AI and ML: Past and Present

"23% of organizations incorporated AI into processes and product/service offerings today." - Forbes, 2017

Even though AI is a 60 year old field, one of the astonishing things we’re noticing is the speed at which AI and ML is being adopted by organizations. Just five years ago, Forbes reported that a QUARTER of organizations had incorporated AI into processes and product/service offerings at that time. Then if we fast forward to today, Gartner is projecting that "by the end of 2024, 75% of enterprises will shift from piloting to operationalizing AI."

That’s massive progress, in part to democratization of AI, increasing accessibility of AI tooling, and ever growing AI communities like HuggingFace where many companies and individuals are contributing to the speed of progress.
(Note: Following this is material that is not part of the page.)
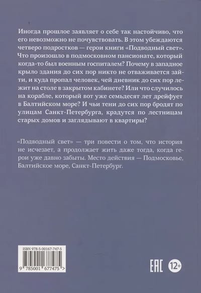 Sometimes the past asserts itself so persistently that it's impossible not to feel it. Four teenagers, the heroes of the book "Underwater Light," discover this. What happened in a boarding house near Moscow that was once a military hospital? Why does no one dare enter the building's west wing, and where did the man whose diary still lies on the desk in a locked office disappear to? Or what happened on a ship that has been drifting in the Baltic Sea for seventy years? And whose shadows still roam the staircases of old buildings and peer into apartments in St. Petersburg?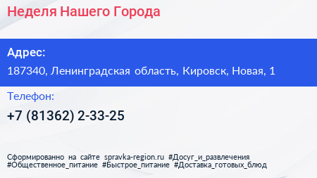 Неделя Нашего Города по адресу 187340, Ленинградская область, Кировск, Новая, 1 в дальнейшем Организация, размещена в следующих категориях:

As Dr. Bratin Saha, VP AI & ML at AWS put it, "ML isn't the future anymore. ML is critical to innovation today."

Rapid Advancements

A couple of the leading AI research organizations, DeepMind and OpenAI, can give you a picture of how quickly this progress is happening.

OpenAI’s GPT-3, their third-generation language prediction model, was trained on datasets like all of Wikipedia. Through prompt design, GPT-3 can generate text that of such high quality that it can be difficult to determine whether or not it was written by a human. Interestingly, both of these research organizations have focused in on software development next.

CoPilot AI writing code given the context of a comment written by a developer

DeepMind has a developed AlphaCode, designed to compete in competitive programming competitions. Furthermore, a descendant of OpenAI’s GPT-3 that’s been additionally trained on code from 54 million GitHub repositories is the AI powering the code auto-completion tool GitHub Copilot, your "AI pair programmer”.

If neither of these are open enough for your liking, well then give the just-released, free and open sourced BLOOM a test drive on your tensorbook.

For now our jobs may get easier, thanks to AI assistance, but according to research done into the code and the security vulnerabilities found in it, our responsibilities will also expand to include keeping an eye on the AI. It's a fascinating time we're living in.

Flywheel of Future Innovation

As the sizes of AI models get larger and larger, there are two positive trends emerging that make them more approachable. The first trend is that training costs appear to be declining at twice the rate of Moore’s Law according to ARK Investments. This plays into the democratization trend of AI where the best AI could be affordable by more than just the very largest companies. ARK Investments predicts that "the cost to train a neural network equivalent in size to the human brain ($2.5B) is likely to drop to $600k by 2030."

The second is that there appears to be tremendous opportunity for innovation to emerge by building on top of very large language models (such as BLOOM) or in the words of Sam Altman, CEO OpenAI :

"I think there will be a small handful of fundamental large models out there that other people build on...what I think will happen is there’ll be a whole new set of startups that take an existing very large model of the future and tune it.

I think there’ll be a lot of access provided to create the model for medicine or ... whatever. And then those companies will create a lot of enduring value because they will have a special version of it. They won’t have to have created the base model, but they will have created something they can use just for themselves or share with others that has this unique data flywheel going that improves over time and all of that."

Summary

These examples highlight the rapid rate of advancement of AI, how it’s fueled by cloud and hardware acceleration, and how this amazing progress can be built upon to create future innovation. It sets the stage for how a new generation of tooling and entrypoints to AI/ML, such as AutoML, builds upon the advancements of this 60 year old field.